RAW DATA:
----

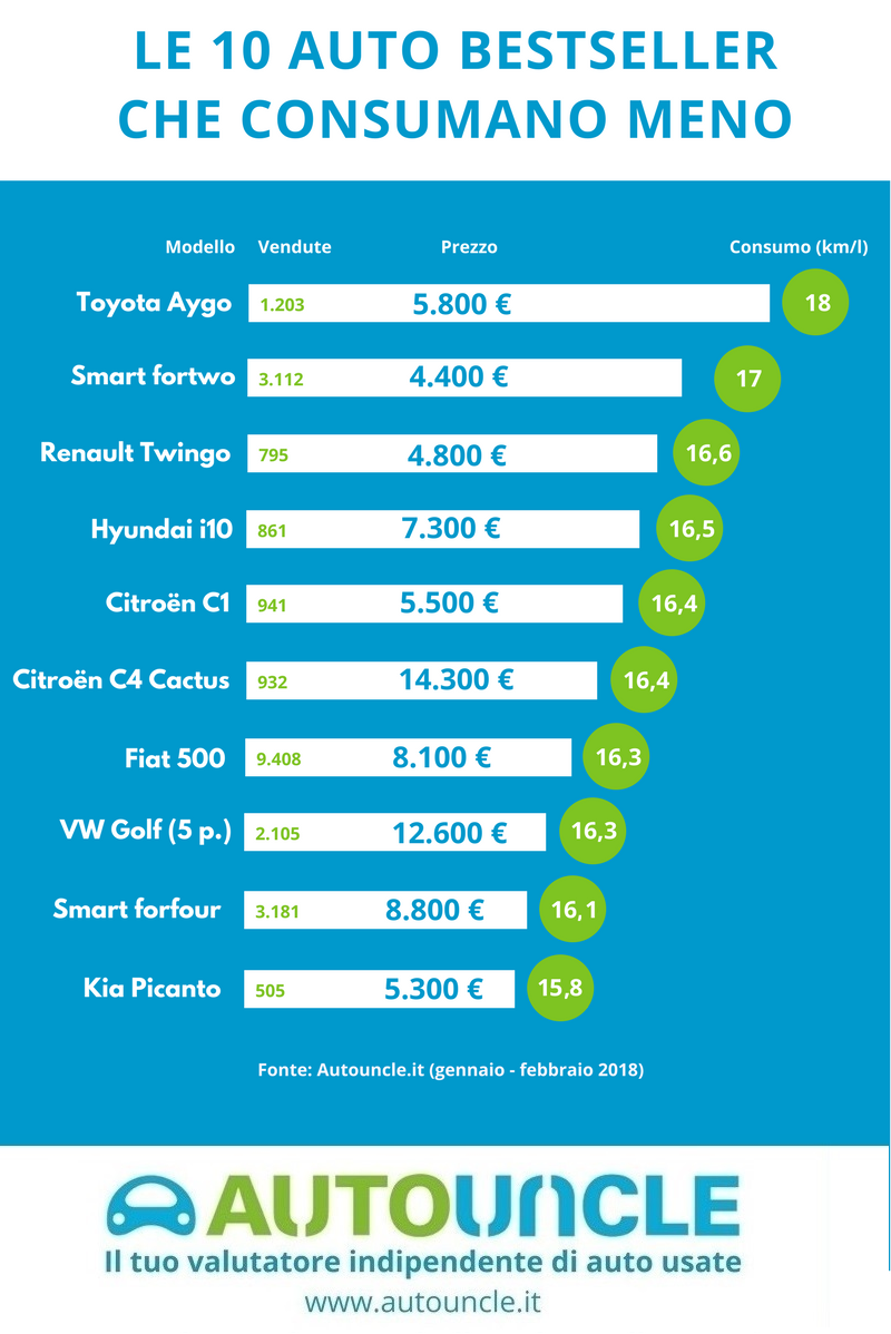 il primo posto del podio è occupato dalla Toyota Aygo capace di percorrere 18km con 1 litro di carburante. Seguita dalla Smart fortwo coupè che ci fa percorrere 17km per 1 litro. La francese Renault Twingo chiude con i suoi 16,6 km per litro.
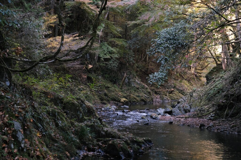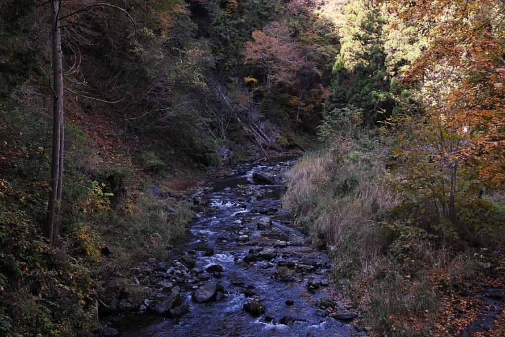 この川辺から見る紅葉の景色はほんとうに綺麗
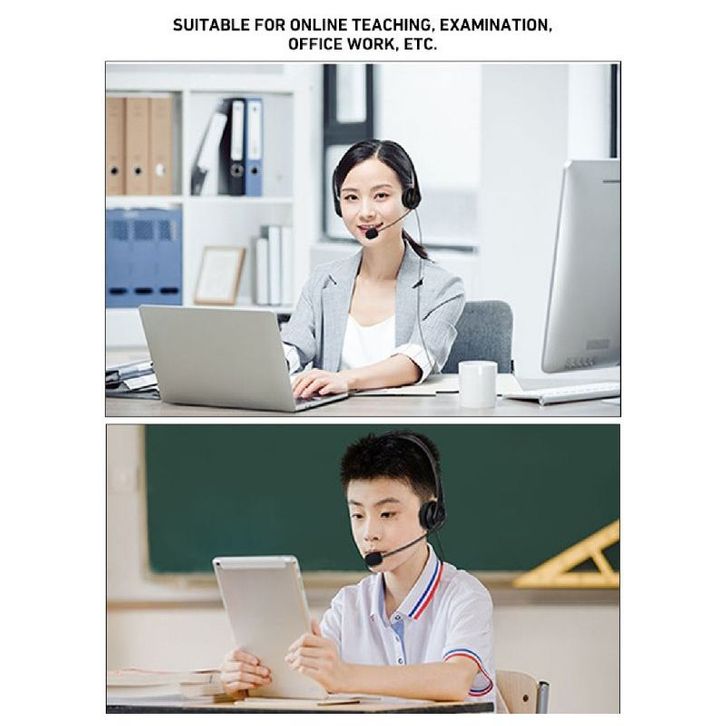 Headphone stereo dengan mikrofon dan single jack 3.5mm Cocok untuk pembelajaran di kantor

----

TASK TO COMPLETE:
The answer must consist solely of the lines from the one with "この川辺から見る紅葉の景色はほんとうに綺麗" through the final line of the data, each reproduced exactly and with pictures omitted.

EXERCISE OUTPUT:
 この川辺から見る紅葉の景色はほんとうに綺麗
 Headphone stereo dengan mikrofon dan single jack 3.5mm Cocok untuk pembelajaran di kantor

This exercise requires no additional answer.